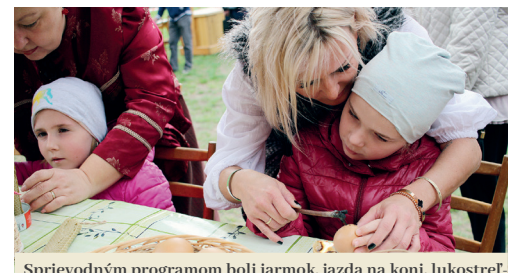
Sprievodným programom boli jarmok, jazda na koni, lukostreľba, remeselnícke dielne, maľovanie na tvár, dobový kolotoč, rozprávkový kútik či ochutnávka tradičných palóckych jedál.
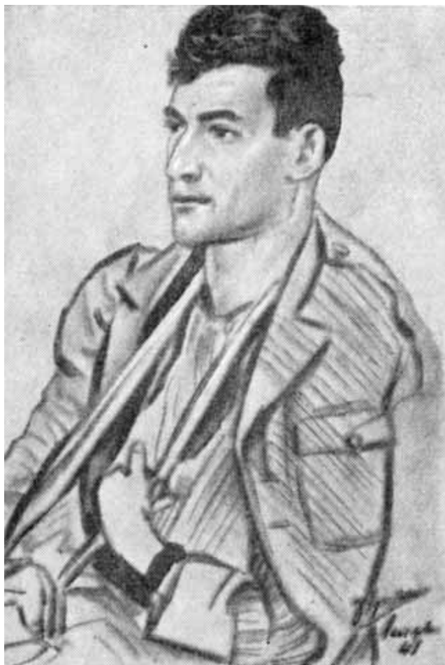
Белояннис после ранения (1948 г.).
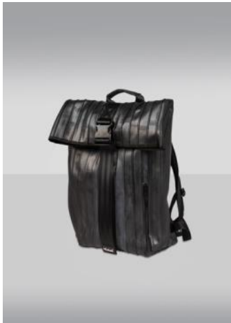
Mochila ARCE 2016 Donación: Nukak, 2021. MDB

Se pueden ver diseños ecoeficientes y de bajo impacto ambiental; diseños que promueven actitudes positivas y responsables por parte de los consumidores en lo que se refiere al uso de los artefactos y el entorno objetual.
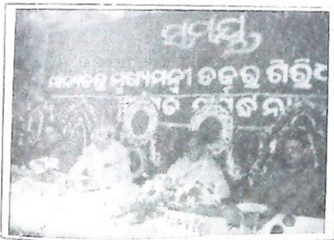
ଆହାରୀତ ପ୍ରକାଶନଠାରେ ମୁଖ୍ୟମନ୍ତ୍ରୀ ଡଃ. ଶିରିଧର ଗମାଙ୍ଗଙ୍କୁ ସମର୍ପିତ କରାଯାଇଛି ତା-୨୭.୨.୯୯
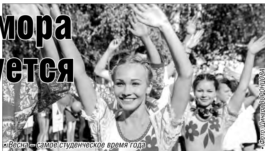
• Весна – самое студенческое время года
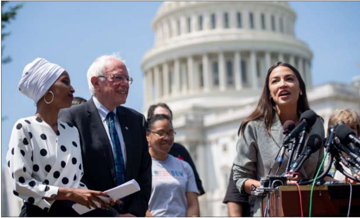
الكسندريا أوكاسيو كورتيز سند ضخم لبييرني
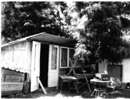
Istria – Case
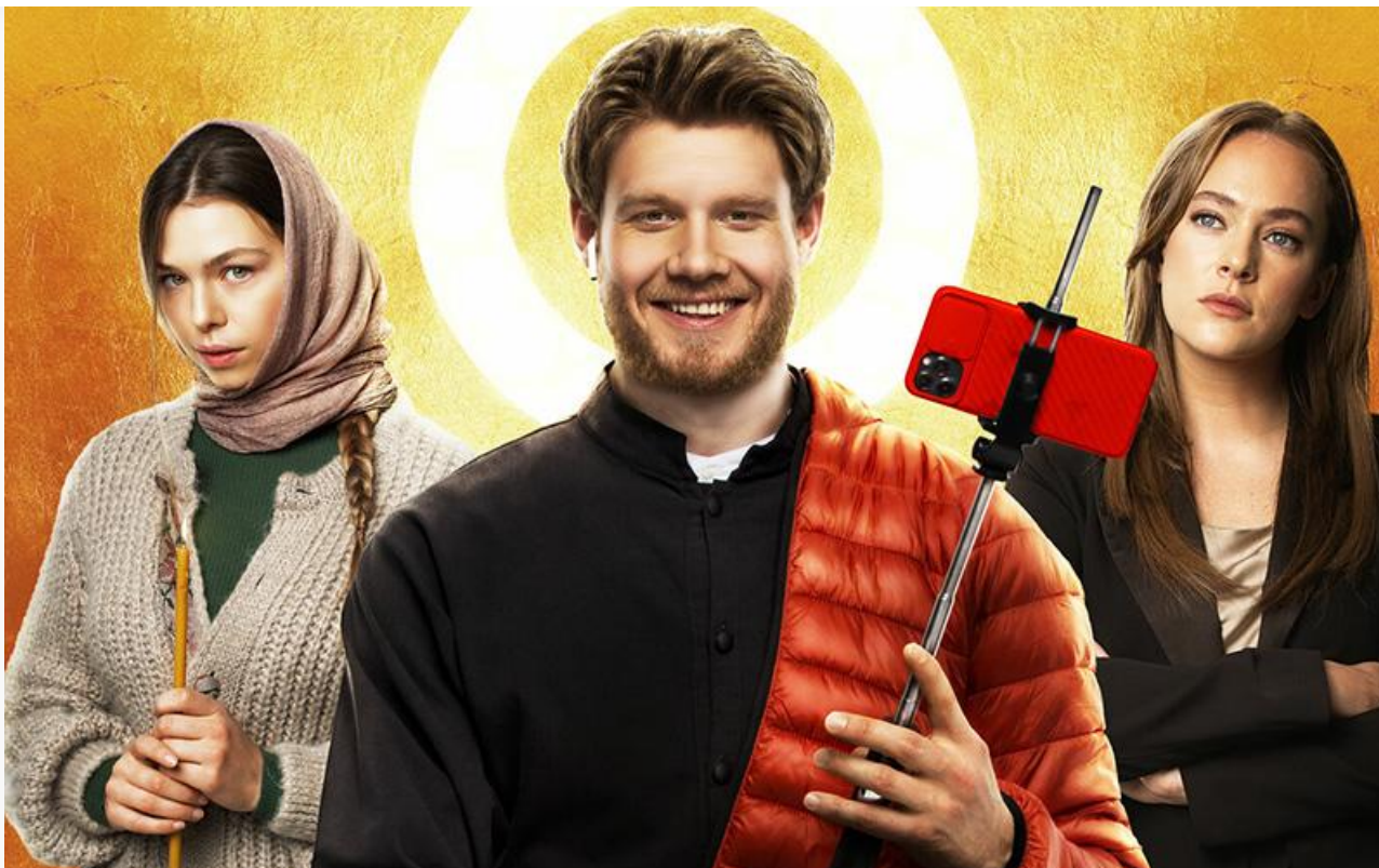
Постер к фильму «Непослушник»

Ценителей фестивального кино ждут премьеры испанской драмы Педро Альмодовара «Параллельные матери» (18+) от основной программы Венецианского кинофестиваля и хоррор Эскиля Вогта «Паранормальные» от программы «Особый взгляд» Каннского кинофестиваля.
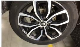
Jant, sağ arka > Çizik
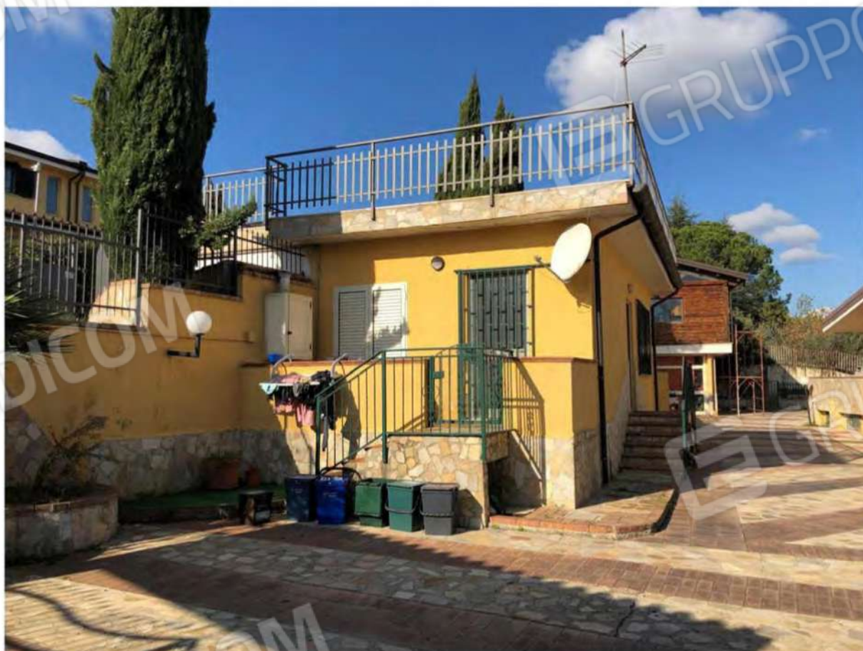
Foto 58 - Fabbricato, Mendicino, fg.12, p.IIa 1432, sub.2.
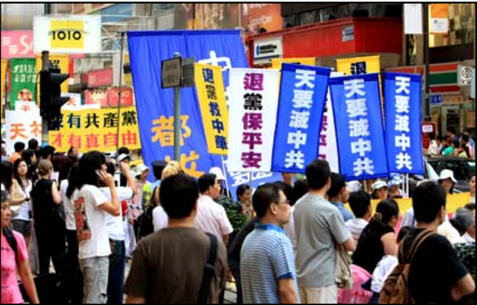
街道两旁站满观看游行的市民与游客

此次游行规模盛大，队伍的主题是“法轮大法好”，有六大方阵组成，除主题方阵外的五大方阵分别为：天国乐队方阵、法轮大法介绍方阵、法轮大法洪传方阵、法轮功反迫害方阵及九评退党方阵。
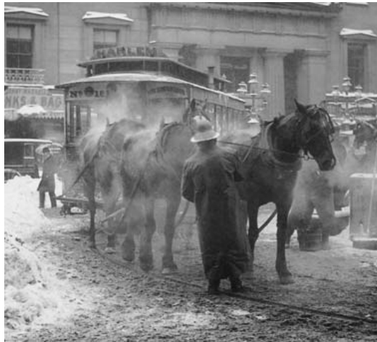
Imagen tomada de: www.Wikipedia.org/wiki.lfred_stieglitz (10.25.07)
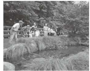
夕闇の中、ホタルを探す
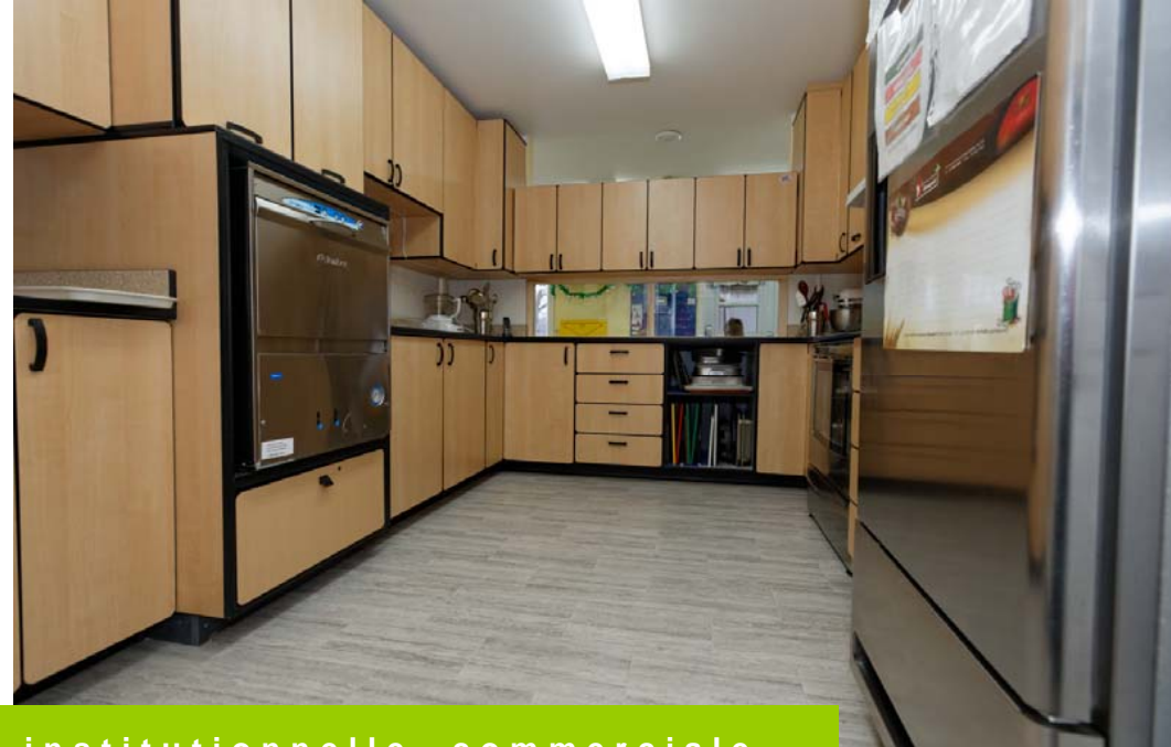
Unité de institutionnelle, commerciale.

Pour commander: 1-877-443-8578 819-846-0336 info@semex.ca
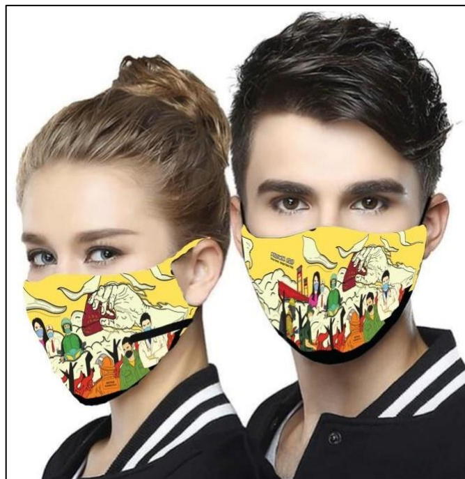
Gambar 7 Masker Melawan Asap, 2022
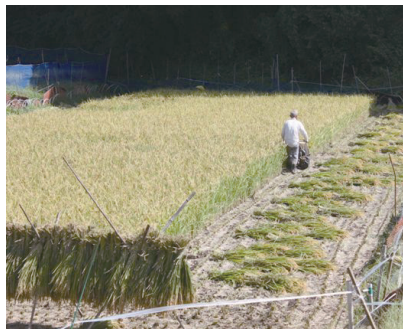
④ 稲刈りの様子 (9/26・西小磯)
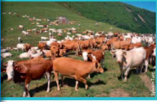
Visite de l'alpage du Sénépy en Isère.
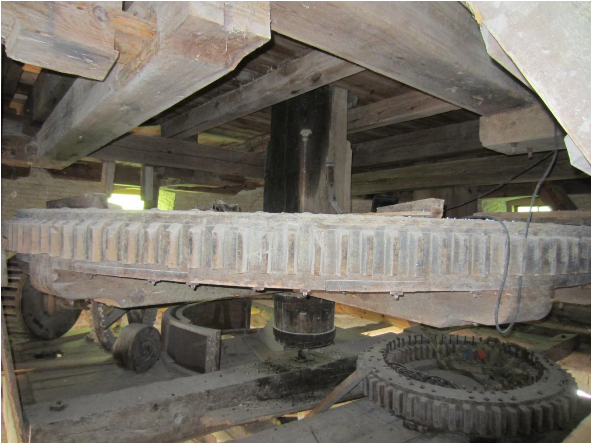
Stjernehjulsoftet hvor Kongesvellen ender i et søle lige under Stjernehjulet
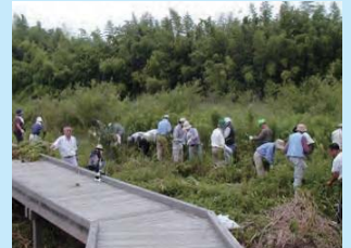
ビオトープの整備
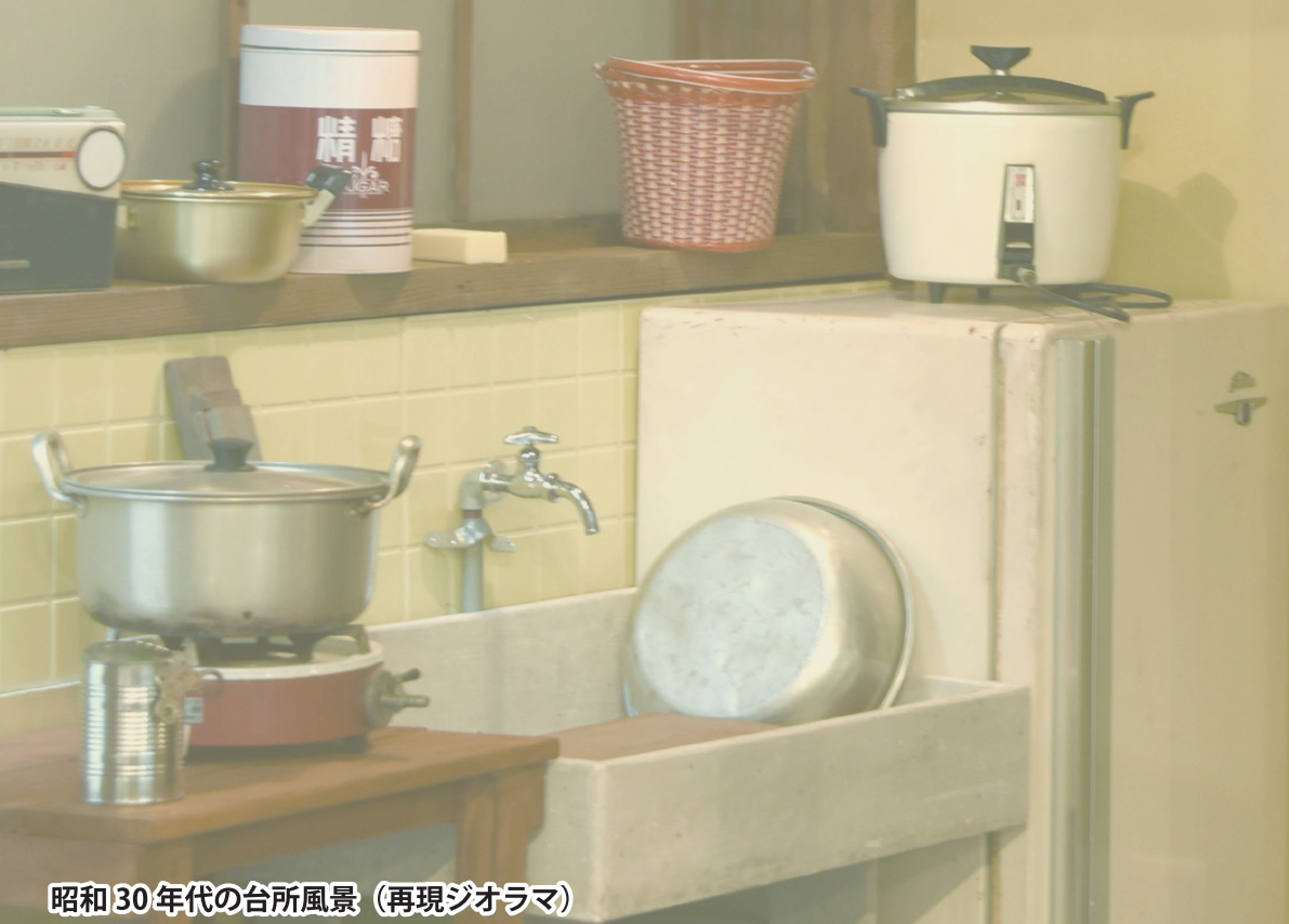
昭和30年代の台所風景（再現ジオラマ）
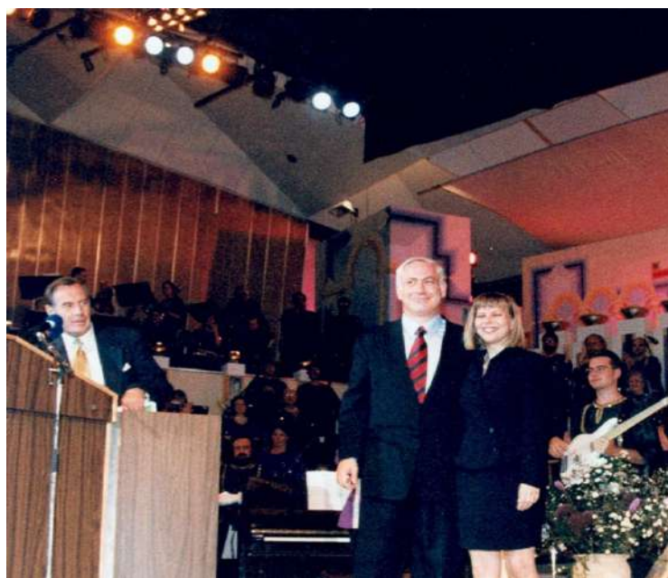
1996 年住棚節慶典-納坦雅胡總理在 ICEJ 慶典上發表重要談話

1987 年底爆發第一次巴勒斯坦大起義（First Palestinian Intifada），到了 1991 年，抗爭嚴重影響以色列的旅遊業。此外，那年正值第一次波斯灣戰爭（First Gulf War），伊拉克獨裁者海珊（Saddam Hussein）向以色列發射數十枚飛毛腿飛彈，讓每個人都必須配戴防毒面具。然而，1991 年的住棚節慶典仍吸引近 8,000 人參加。儘管在恐攻和火箭的威脅下，住棚節慶典仍成為以色列最大的年度旅遊盛會。
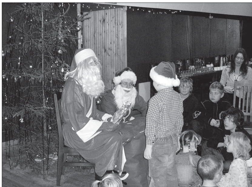
● Laste pidu üllatas kahe jõuluvanaga.

Viiratsi võistkond osaleb "Maakilvas" teist aastat. Tänavu on võistkond väljas
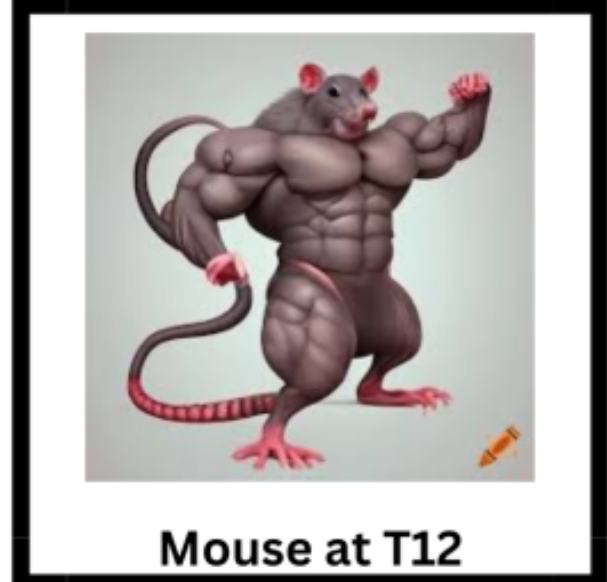
Mouse at T12
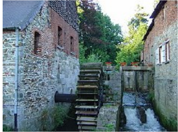
Exemple de moulin à eau

Abandonné depuis 1914, le moulin à eau est repris en 1963 par Louis Tharreau qui fait descendre le courant électrique et en fait une laverie de soies de cochon utilisées pour la fabrication de pinceaux.
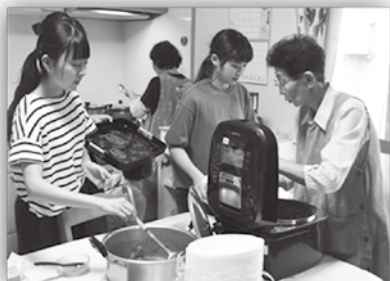
カレーとゴーヤサラダづくり
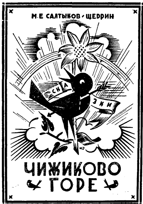
ОБЛОЖКА РАБОТЫ Н. В. ИЛЬИНА К ИЗДАНИЮ СКАЗКИ ЩЕДРИНА «ЧИЖИКОВО ГОРЕ», 1928 г.

Параллельно в том же издательстве выходит второе издание «Истории одного города» научно-академического типа. Вступительные статьи, комментарии, критика текста Я. Эльсберга и С. Макашина.
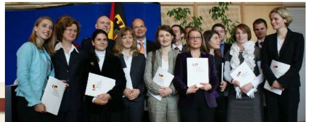
Image du haut : Remise des diplômes à la quatrième promotion à Berlin. Image de gauche : Lancement de la cinquième promotion à Paris.

Le MEGA est organisé depuis 2005 sous l'égide du Ministère Fédéral allemand de l'intérieur et du Ministère français du Budget, des Comptes publics et de la Fonction publique, en partenariat avec l'Université Paris 1 Panthéon-Sorbonne, Sciences Po, l'Université de Potsdam/PCPM
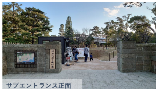
サブエントランス正面
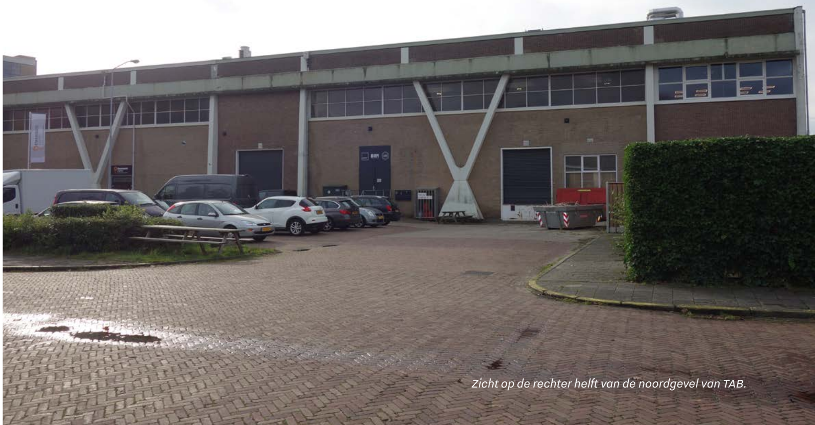
Zicht op de rechter helft van de noordgevel van TAB.
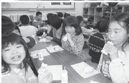
▲クリスマスケーキも食べました♪
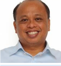
알피 오트만 raiSE, 싱가포르
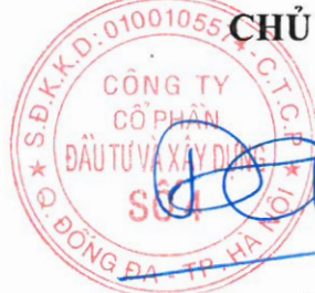
Đào Tiên Dương
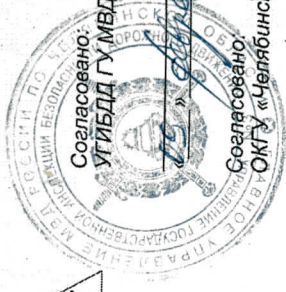
Схема организации движения транспорта на участках автомобильных дорог Карабаш-Белое Озеро-Косой мост с км 19+964 по 23+000 и Кыштым-Слюдорудник-Большие Егусты с км 16+000 по 20+176 с 10:00 до 13:00 19 февраля 2023 года при проведении автомобильного ралли

Согласовано: Управление дорожного хозяйства Министерства дорожного хозяйства и транспорта Челябинской области «___» _____ 2023г. ШИШАЕВ П. Г.

- - -

What is being asked:
Up to and including the line that holds "Visite de l'alpage du Sénépy en Isère.", restate word for word each line of the records from their start, and only those lines, leaving out the pictures.

Response box:
Sprievodným programom boli jarmok, jazda na koni, lukostreľba, remeselnícke dielne, maľovanie na tvár, dobový kolotoč, rozprávkový kútik či ochutnávka tradičných palóckych jedál.
Белояннис после ранения (1948 г.).
Mochila ARCE 2016 Donación: Nukak, 2021. MDB

Se pueden ver diseños ecoeficientes y de bajo impacto ambiental; diseños que promueven actitudes positivas y responsables por parte de los consumidores en lo que se refiere al uso de los artefactos y el entorno objetual.
ଆହାରୀତ ପ୍ରକାଶନଠାରେ ମୁଖ୍ୟମନ୍ତ୍ରୀ ଡଃ. ଶିରିଧର ଗମାଙ୍ଗଙ୍କୁ ସମର୍ପିତ କରାଯାଇଛି ତା-୨୭.୨.୯୯
• Весна – самое студенческое время года
الكسندريا أوكاسيو كورتيز سند ضخم لبييرني
Istria – Case
Постер к фильму «Непослушник»

Ценителей фестивального кино ждут премьеры испанской драмы Педро Альмодовара «Параллельные матери» (18+) от основной программы Венецианского кинофестиваля и хоррор Эскиля Вогта «Паранормальные» от программы «Особый взгляд» Каннского кинофестиваля.
Jant, sağ arka > Çizik
Foto 58 - Fabbricato, Mendicino, fg.12, p.IIa 1432, sub.2.
街道两旁站满观看游行的市民与游客

此次游行规模盛大，队伍的主题是“法轮大法好”，有六大方阵组成，除主题方阵外的五大方阵分别为：天国乐队方阵、法轮大法介绍方阵、法轮大法洪传方阵、法轮功反迫害方阵及九评退党方阵。
Imagen tomada de: www.Wikipedia.org/wiki.lfred_stieglitz (10.25.07)
夕闇の中、ホタルを探す
Unité de institutionnelle, commerciale.

Pour commander: 1-877-443-8578 819-846-0336 info@semex.ca
Gambar 7 Masker Melawan Asap, 2022
④ 稲刈りの様子 (9/26・西小磯)
Visite de l'alpage du Sénépy en Isère.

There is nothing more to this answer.